I love this story because I was, I wouldn't know my intelligence, but I generally hate brokers in general.

Nelson:

Everybody hates brokers, man, they're necessary... Nobody wants to, no one wants a broker until they need a broker. And then when a broker brings him a deal, they still hate them and think that they didn't need them. So Believe me, I know it 100%

David:

But I got a broker to fund my deal.

Alex:

Well, well my complaint, well, it's more like this. I don't like it that brokers don't they don't have skin in the game. So I love that you're like yeah, I'll say that deal and I'll put something, something. I'll put some skin in the game. I love that.

Nelson:

Well I got to the point where I was asking like, Hey, is there any room in this deal and a lot of times people were doing these tickets, you know, tenants in common where they were going out and getting a bunch of investors.

So you know, I hooked up with a few of those guys and we're bringing them good deals and and I was throwing my money in with them and you know the the more money that I had to throw in there, if I love the deal I was putting I was putting as much in as they would let me put in and I even had owners say oh yeah, yeah, we don't have that much.

So yeah, that worked out Well for me, and it got my foot in the door, and I was able to, you know, benefit on a smaller scale, but at least I was able to benefit because they allowed me to throw a few bucks in the pot.

30:00 - 35:00

Alex:

Yeah, but now you're making a return, you're building relationships, you're learning the business, you know, and you're, and you're putting a good name for yourself.
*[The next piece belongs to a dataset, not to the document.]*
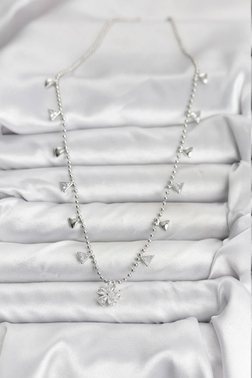 BUĞZ Pirinç Gümüş Renk Zirkon Taşlı Çiçek Model Kadın Kolye - Lisinya

Because again, it's like, Okay, he's got, he's got some skin in the game. So I love that, that's a good strategy.

David:

So I got asked by a buddy six months ago to write an offer on a nine unit here in San Diego. And one of the major selling points for me decided to work with him on the deal and kind of I was gonna run kind of to help him out with the operation side of things, was that his broker was gonna front like 50k, I think into the deal. And that was immediate, I was like, oh, if your broker is so sold on this deal at our asking our offer price that he's already said, he's gonna throw money in like, to me, that's, that's huge on so many levels.
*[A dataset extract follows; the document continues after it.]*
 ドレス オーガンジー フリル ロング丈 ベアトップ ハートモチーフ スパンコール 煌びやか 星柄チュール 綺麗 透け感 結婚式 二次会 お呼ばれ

I mean, that just makes me trust the deal for one. But I mean, you know, obviously, if the broker is involved, like, if he's interests are aligned with you, and he's investing with you, he's not gonna, you don't have to worry about anything going, not in your favor during the process. So it's pretty cool. Pretty cool. I like that for sure.

Nelson:

Well, and brokers have that, you know, that local expert knowledge in, in real estate. So, you know, chances are, you know, depending how savvy of an investor you are, but, you know, chances are that the broker knows the market a lot better than you and knows what type of deals are getting out there. And if that broker is willing to jump in that deal, you can pretty much be assured that, you know, it's a decent deal.

David:

Yep, absolutely.

All right. So talk to us about how I got smarter. That was the next step in this process, I believe what, what's, what is that? And how did that come to fruition?

Nelson:

Yeah, so, like I said, I was able to exit a few businesses, and you get to that point where you want to figure out what you want to do with the rest of your life. And it's definitely not in me to prop my feet up and, and, you know, sit back and watch sunsets, you know, I always have to be doing something.
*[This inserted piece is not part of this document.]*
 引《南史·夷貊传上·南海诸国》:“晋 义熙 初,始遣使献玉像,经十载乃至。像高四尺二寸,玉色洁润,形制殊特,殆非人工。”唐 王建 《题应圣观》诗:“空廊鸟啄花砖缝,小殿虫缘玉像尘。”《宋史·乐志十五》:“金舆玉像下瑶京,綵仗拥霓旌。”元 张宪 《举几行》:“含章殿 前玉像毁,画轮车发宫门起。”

And, you know, for the first time, you know, I told you my origin story, but what I had moved to Las Vegas from my hometown, you know, when I joined the Air Force, and I never wanted to talk about those circumstances, again, I mean, it weakened me and, you know, all the heartache and crap that I had to deal with, you know, going through that the only person who knew that story, you know, besides the people in my hometown was my wife. And I told her before I married her, just because I figured she deserved to know, I never told my kids I never told, you know, any of my friends.

But I'm sitting there thinking, Okay, what do I want to do, and I love goals, I love personal development, I used it in all my life, I helped a lot of people with their goals. And I started to think, you know, why did I live this life? Why, why? Why was I born into these circumstances?

And for the first time, I started to think, you know, what, maybe I was, maybe this happened to me, so that I can help other people. And for the first time, that story started to bring me energy, instead of making me weak and, and, you know, taking energy from me, and I, and I started to kind of tell that story and, and use that story, and to help other people finally achieve their goals and, and use what I've been obsessed with for the last 20 years to really build a life that I never could have even imagined.

And so I sat down, and I started to work on the program and worked on it for a year straight, you know, just figuring out everything that I thought would help people achieve goals or help them not, you know, fall off the wagon of achieving goals, because I definitely realized, you know, we don't have a knowledge problem when it comes to achieving our goals, we have an execution problem, we just don't do what we know we're supposed to do. And, you know, so I built this program and then of course, I had to take it to the next level and build an app so that it was easy to use, and people could have it on their phone and people could invite a success partner to help them stay accountable to you know what they said they were gonna do and they could help them and just kind of put it all together and got it out there and just saw the success that people had with it.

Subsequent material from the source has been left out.